While the US is a competitive place for clinical trial investigator sites, it is also uneven, with some of the most well-known names facing incredibly high demand. In China, however, patients are easily recruited into trials from hospitals – there is no need to visit a primary healthcare provider first, as in the US. Investigators therefore have access to a very large number of those patients.

In 2025, sponsors remained under pressure from macroeconomic constraints, from macroeconomic constraints, pricing challenges and increased activity in regions such as China. We are also seeing the effect of renewed emphasis from regulators, including the FDA, on country-specific representation. Well-known and high-profile investigator sites are quickly saturated as sponsors seek them out.

The increase in competition, regulatory changes and increasing acceptance of digital patient data means it is vital for sponsors to be led by insights from big data and AI, rather than instinct. Considerable volumes of contextualised and real-world data now exist to power clinical data analytics that overcome these hurdles. Breast cancer, given our deep understanding of biomarkers and the subsequent stratification of clinical trials, has been a clear beneficiary of such an approach.

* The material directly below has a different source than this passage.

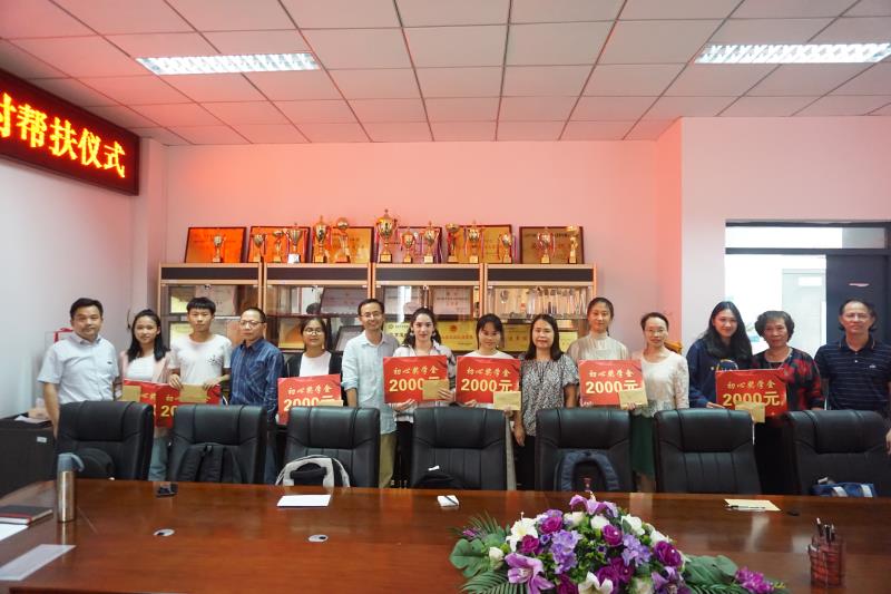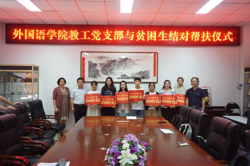 结对帮扶仪式上,各教工党支部代表为受帮扶贫困生颁发“初心”奖学金。“初心”奖学金由各教工党支部全体党员共同发起设立,每年针对受帮扶贫困生颁发一次,每人2000元。教工支部书记代表陈建华老师表示结对帮扶是师生增加情谊,相互帮助,彼此共同进步的一个活动。支部党员会强化奉献意识、创优意识,尽心尽力做好帮扶工作,解决困难学生的后顾之忧,让大家在外语学院这个温暖的大家庭中心情舒畅,安心学习、快乐成长。希望所有贫困学生要增强信心,自尊自爱,努力学习、刻苦锻炼,不断增长才干,将来报效祖国。退休党支部书记黄雅珍等老师也先后发言,希望同学们人穷志不穷,奋斗拼搏,不辜负老师的期望,努力成才。受帮扶贫困生依次汇报了自己的学习生活情况和学习生涯规划,纷纷表示会珍惜时光,刻苦学习,不断完善自我,常怀感恩之心,用顽强拼搏、奋发进取的实际行动,来回报父母、老师、社会以及国家。

Sponsors should become data-focused to ensure that every aspect of patient profiling and trial design, including the most suitable countries and investigator sites, are optimised and proven to reduce the cost, patient burden and complexity of trials. For example, there is considerable opportunity to use data science to identify investigator sites elsewhere that may have a shorter clinical trial and enrolment history, but have capacity and have delivered high-quality data in previous trials. Lessons learnt from patients, as shown by a digital patient profile, have consistently proven to guide researchers to optimise trial design and shorten cycle time by working with the right investigator sites.

Further, sponsors can use digital twin analysis – a representation of typical patients in a specific population generated from a vast body of real-world patient data from identical or similar trials, allowing researchers to simulate, model and predict safety and efficacy outcomes as a historic control arm. Other use cases include external control arms to reduce the number of patients undergoing testing in trials.
As we move into a new year, we’re hopeful the industry will increasingly embrace a data-science-led approach to clinical trials and that this will be reflected in 2026’s Most Studied Diseases report.